AIX Version 6.1 and 7.1.
I understand that when the OS initially creates the FS and inodes, its pretty strict, but not always tuned to a 1:1 ratio. I see the same thing when adding a whole disk LV to a separate device.
It seems that when we expand a filesystem the inodes don't get tuned appropriately. So we end up with a 100% inode table full with a % of FS still available.

I know under some other OS's they have like tunefs or other type of filesystem maintenance to help with the inodes to FS space allocation.

What does AIX provide to do the same. getting kinda tired of seeing a 12gb root (/ fs) full with only 67% fs full and a 100% inode table full. I cannot expand the filesystem any more due lack of free PP's.
# 2  
Old 10-06-2016
If you are using jfs2, additional inodes are supposed to be automatically allocated if needed and there is space available.

Here is IBM's note on it
# 3  
Old 10-06-2016
Smilie I would seriously worry why you think you need a 12Gb root filesystem. Smilie

You should only have files necessary for the OS boot in the root filesystem, ideally with home directories, /usr, /var and /tmp in separate filesystems. Perhaps you should focus on removing non-OS files from the root filesystem.
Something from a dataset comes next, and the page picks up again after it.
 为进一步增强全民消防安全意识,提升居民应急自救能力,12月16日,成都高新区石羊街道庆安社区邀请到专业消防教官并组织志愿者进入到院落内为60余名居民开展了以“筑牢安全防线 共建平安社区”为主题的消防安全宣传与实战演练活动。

How do you prepare for disaster recovery? Is your mksysb excluding huge sections of the root filesystem? If so, it would be better to get them into their own filesystems and leave root alone. Have a look in /etc/exclude.rootvg to see what you leave out of a mksysb

# 4  
Old 10-10-2016
Originally Posted by mrmurdock
AIX Version 6.1 and 7.1.
I understand that when the OS initially creates the FS and inodes, its pretty strict, but not always tuned to a 1:1 ratio. I see the same thing when adding a whole disk LV to a separate device.
It seems that when we expand a filesystem the inodes don't get tuned appropriately. So we end up with a 100% inode table full with a % of FS still available.
What you are looking for ist the chfs command, but your question gives the possibility to explain some general concepts. Bear with me if i tell things you already know, it might be of benefit to others.
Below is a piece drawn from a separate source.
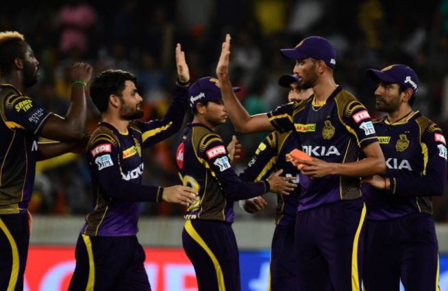 മറുപടി ബാറ്റിങ്ങിനിറങ്ങിയ കൊൽക്കത്തയ്ക്ക് അത്ര നല്ല തുടക്കം ആയിരുന്നില്ല.ടീം സ്കോർ 7 ഇത് നിൽക്കേ ക്രിസ് ലിൻ മടങ്ങി.പിന്നാലെ എത്തിയ റോബിൻ ഉത്തപ്പ നിതീഷ് റാണയെയും കൂട്ടി കരുതലോടെ ടീം സ്കോർ ഉയർത്തി.87 ൽ നിൽക്കേ ഉത്തപ്പ മടങ്ങിയെങ്കിലും നിതീഷ് റാണ പിടിച്ചു നിന്നു.തൊട്ടുപിറകെ അധികം ചലനം ഉണ്ടാക്കാതെ ദിനേശ് കാർത്തിക്കും മടങ്ങി.പിന്നലെ എത്തിയ റസ്സൽ റാണയുമൊത്ത് സ്കോർ ഉയർത്തി.118 ൽ നിൽക്കേ 47 പന്തിൽ നിന്നും 8 ഫോറും 3 സിക്സും അടക്കം 68 റൺസ് നേടി റാണ മടങ്ങി. എന്നിട്ടും പതറാതെ കളിച്ച റസ്സൽ ഷുബ്മാൻ ഗില്ലുമൊത്ത് ടീമിനെ വിജയത്തിലെത്തിച്ചു.ഗിൽ 10 പന്തിൽ നിന്നും 2 സിക്സ് ഉൾപ്പടെ 18 റൺസ് നേടി റസ്സലിനു പിന്തുണ നൽകി. ഹൈദരാബാദിന് വേണ്ടി ഷാകിബ് അൽ ഹസൻ, സന്ദീപ് ശർമ്മ, സിദ്ധാർഥ് കൗൾ, റഷീദ് ഖാൻ എന്നിവർ ഓരോ വിക്കറ്റ് വീതം നേടി.

When a file is stored on disk not only its data get stored, but also "data about the data" or "meta data" for short: the files name, its creation date, ownership and so on. The data itself is stored in what you call a "file", the meta data are stored in a data structure of the filesystem called "Inode".

The main difference between "normal" filesystem space and the inodes is that FS space is a contiguous resource: every file takes out as much as it needs. Inodes are a record-like structure and they are distinct: they can either be occupied or empty, but there is always a limited number of them.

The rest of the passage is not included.